I was born at a very very young age. Some say too young, but hey, I’m still here to tell the tale, or the story if you prefer. I grew up at the usual rate for a baby in the sixties. By the time the sevenies arrived, I could walk and talk, told to stand still and be quiet. I could never understand it, I was encouraged to speak and to crawl and then walk and run, and as soon as I could I was told not to! Such as life! Also by this time I was going to school and sunday school at the local church (Anglican).
I should title this as how God met with me.
I have always been a spiritual person. I have always thought that there must be more to life than what we see. I had been taught at school in Religious Instruction about Christianity by a very graceful vicar, Rev Jones (and yes he was Welsh) but it was taught a bit like another subject to be learned and examined on. So I left school knowing the basics of Christianity as I knew the basics of Geography, Physics and English amongst others.
As I knew that there must be more to life than this, I went searching. I looked at Buddha, Islam, Zen Buddha, Tao, and a few just plain weird. I had dabbled with the Ouija board and Tarot cards. By the mid ’90’s I had my own ideas of what was going on, mainly “new age” rubbish, with ideas like the sea of consciousness.
During my search for the truth, I had also become a heavy drinker, smoked tobacco with and with “herbs”, used cocaine and LSD and other substances. (I am now free from all of these.) I had be in relationships.

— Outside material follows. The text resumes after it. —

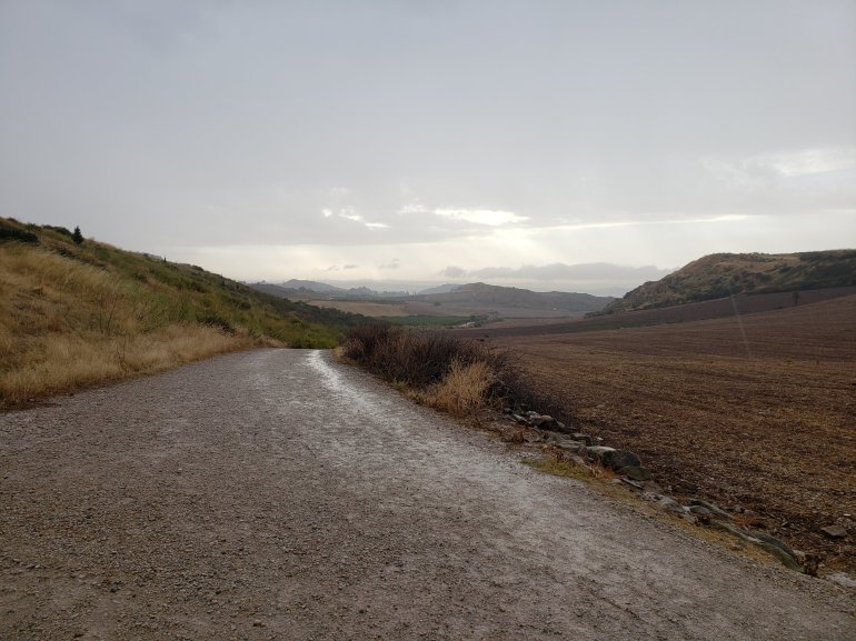 Leaving town we got to step over original stones from the 2,000 year-old Roman Road that goes through the area. Its really cool in principle, and two millennia ago it was an apex of technology for Caesar and his soldiers. But for pilgrims in 2019 in the rain and mud, the busted up stones were a struggle to traverse.

In the late 1990’s I was living in Kent, in a village outside of Ashford. I was working as a carpenter. Work hard and drink hard was the general attitude. It seemed like fun. I used to go to the pub to drink and to listen to live music. Rock and blues bands used to play in pubs all over the area. One evening I was listening to a blues band, Black Cat Bone (which I subsequently went on to join and play with) when a young woman came over to me and shouted over the music “Jesus loves you” and walked away. I wasn’t too worried what she had said, just that she had bothered to say anything to me at all. I thought “I’d like to get to know her better!”. She was rather attractive in looks and personality. I had one thing on my mind, but God had other ideas! I did get to know Nicky and her friends and brothers and sisters and parents. She introduced me to the Alpha course, which explains Christianity in a safe, non-threatening, friendly way, run by her local church, 17 miles away. I went. I went for several reasons. Nicky would be there. Also, Christianity was the only one I hadn’t looked at in depth since school, and that wasn’t deep at all, so I thought I’d give it a go as I had nothing to loose and everything to gain if it was true.
The Alpha course didn’t do what I thought it would. It didn’t answer all my questions, just created more. In 1999 I went on the Alpha course again. This time as a helper. This surprised me because I wasn’t a Christian. Still, during this Alpha some things did happened. I read the Bible more and felt like I had got to know God a little through it.
I realised that the Bible was and is true, not just a bunch for stories written by some grey haired old men with beards handed down from generation to generation, but the true history of how God created the world and populated it with his creations, and how he lead his chosen people through the good times and the hard times. How God wants to have a relationship again, like he did with Adam and Eve, so he sent his son, Jesus.
There is so much I could write here, but I will say, that after I’d given my life to Jesus, as he his my Lord and Saviour, the life I lead has been so good. I now don’t drink or smoke, and have no craving to do so again, although I am careful not to put myself in a position where I might be tempted. The quitting of both of these wasn’t easy, but if it wasn’t for God, and I know it was Him because I had no withdrawal symptoms. I am now happily married. I have a good job, a lovely home and a few other things to boot, and all because of Gods blessings. I feel like I don’t deserve any of this, but here by the grace of God I am and here I’ll stay.